Activity:
Below are lines of data; restate word for word those running from the line containing "Şarkı, yayınlandığı gün" to the line containing "LOT 14K: Vintage", inclusive, and no others.

Record set:
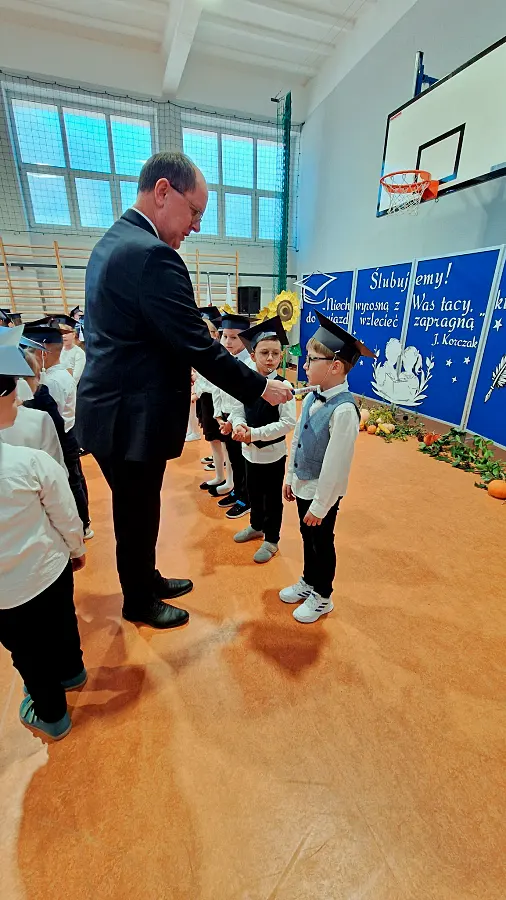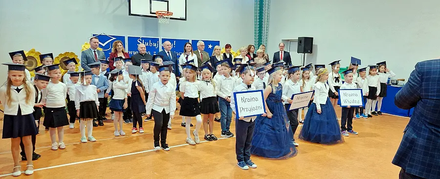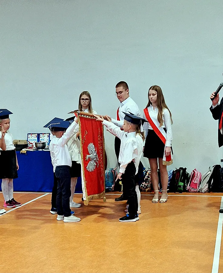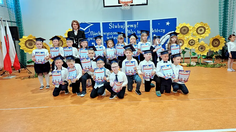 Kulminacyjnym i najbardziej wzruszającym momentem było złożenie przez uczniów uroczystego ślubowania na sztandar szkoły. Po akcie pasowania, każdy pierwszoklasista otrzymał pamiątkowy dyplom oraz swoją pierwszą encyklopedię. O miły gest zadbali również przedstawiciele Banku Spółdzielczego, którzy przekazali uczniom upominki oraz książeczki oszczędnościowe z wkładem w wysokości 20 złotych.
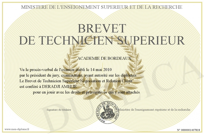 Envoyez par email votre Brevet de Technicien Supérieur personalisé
* * *
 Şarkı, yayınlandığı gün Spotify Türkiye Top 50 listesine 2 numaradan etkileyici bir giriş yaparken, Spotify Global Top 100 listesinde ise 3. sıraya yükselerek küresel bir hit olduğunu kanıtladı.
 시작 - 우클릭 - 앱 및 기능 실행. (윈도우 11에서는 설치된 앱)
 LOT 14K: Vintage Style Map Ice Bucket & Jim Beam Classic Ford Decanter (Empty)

Exercise response:
 Şarkı, yayınlandığı gün Spotify Türkiye Top 50 listesine 2 numaradan etkileyici bir giriş yaparken, Spotify Global Top 100 listesinde ise 3. sıraya yükselerek küresel bir hit olduğunu kanıtladı.
 시작 - 우클릭 - 앱 및 기능 실행. (윈도우 11에서는 설치된 앱)
 LOT 14K: Vintage Style Map Ice Bucket & Jim Beam Classic Ford Decanter (Empty)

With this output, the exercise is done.